If the signal contains noise, signal_message/2 should backtrack among all possible messages that it can stand for, interpreted according to the above-mentioned disambiguation rules for noisy signals. However, signal_message/2 should succeed only for disambiguated signals that correspond to a valid Morse code message.

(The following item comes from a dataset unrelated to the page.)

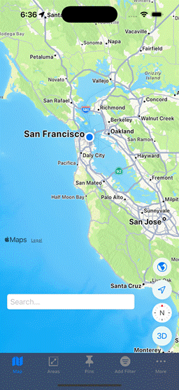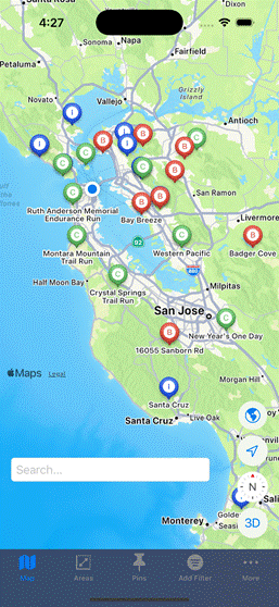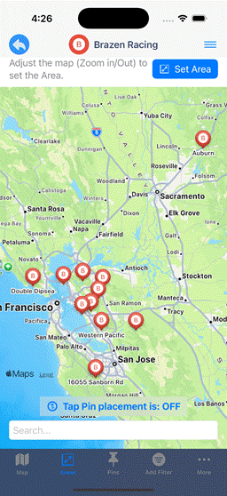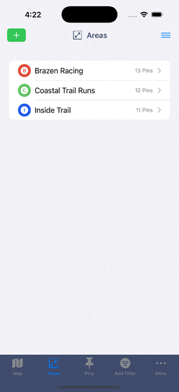 Your Points of Interest: Add "Pins" to your Areas by simply tapping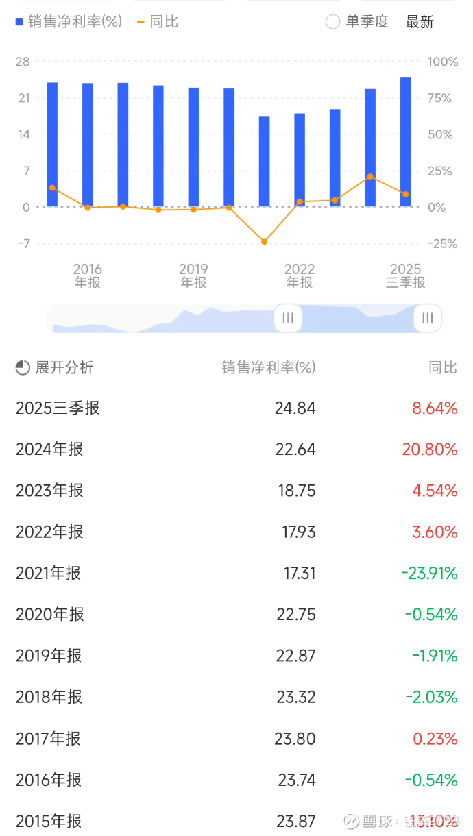 净利率: 2022年跌至 17.93%,2024年回升至 22.64%。在研发费用(人力投入回报率虽有波动,但依然维持高位)居高不下的情况下,净利率能快速重回22%以上,反映了管理层极致的成本控制能力和创新药的高溢价。

As a special case, if your signal_message/2 implementation finds a word, followed by zero or more spaces, followed by an error token, it should omit the word, the spaces, and the error token; it should then start scanning again after the omitted tokens, looking for further errors. For example:

?- signal_message(
     [1,1,1,0,1,1,1, % m
      0,0,0,
      1,1,1,0,1,1,1,0,1,1,1, % o
      0,0,0,
      1,0,1,1,1,0,1, % r
      0,0,0,
      1,0,1,0,1, % s
      0,0,0,
      1, % e
      0,0,0,0,0,0,0, % #
      1,1,1,0,1,0,1,1,1,0,1, % c
      0,0,0,
      1,1,1,0,1,1,1,0,1,1,1, % o
      0,0,0,
      1,0,1,0,1,0,1,0,1,0,1,0,1,0,1, % error
      0,0,0,
      1,0,1,0,1,0,1,0,1,0,1,0,1,0,1, % error
      0,0,0,
      1,0,1,0,1,0,1,0,1,0,1,0,1,0,1, % error
      0,0,0,
      1,0,1,1,1,0,1,0,1,0,1,0 % as
     ],
     M).

should succeed with M=[m,o,r,s,e,#,error,error,as], because the partial word 'CO' was erased by the first error token. The later error tokens were not preceded by a word and optional spaces, so they are preserved in the output.

Your implementations of signal_morse/2 and signal_message/2 may assume that their first arguments are ground terms, that is, terms that contain no logical variables.

Your implementation should run on GNU Prolog 1.4.4 as installed on the SEASnet RHEL 7 hosts as gprolog in /usr/local/cs/bin.

Submit

To turn in your assignment, submit a file hw4.pl containing your definition of signal_morse/2 and signal_message/2 and any other auxiliary definitions. Your definitions must implement the same Morse code system that is specified in morse/2 above (which you can include directly in your code). If any extra text information is needed, other than what's in the comments, please submit it as a separate text file hw4.txt. Please do not put your name, student ID, or other personally-identifying information in your files.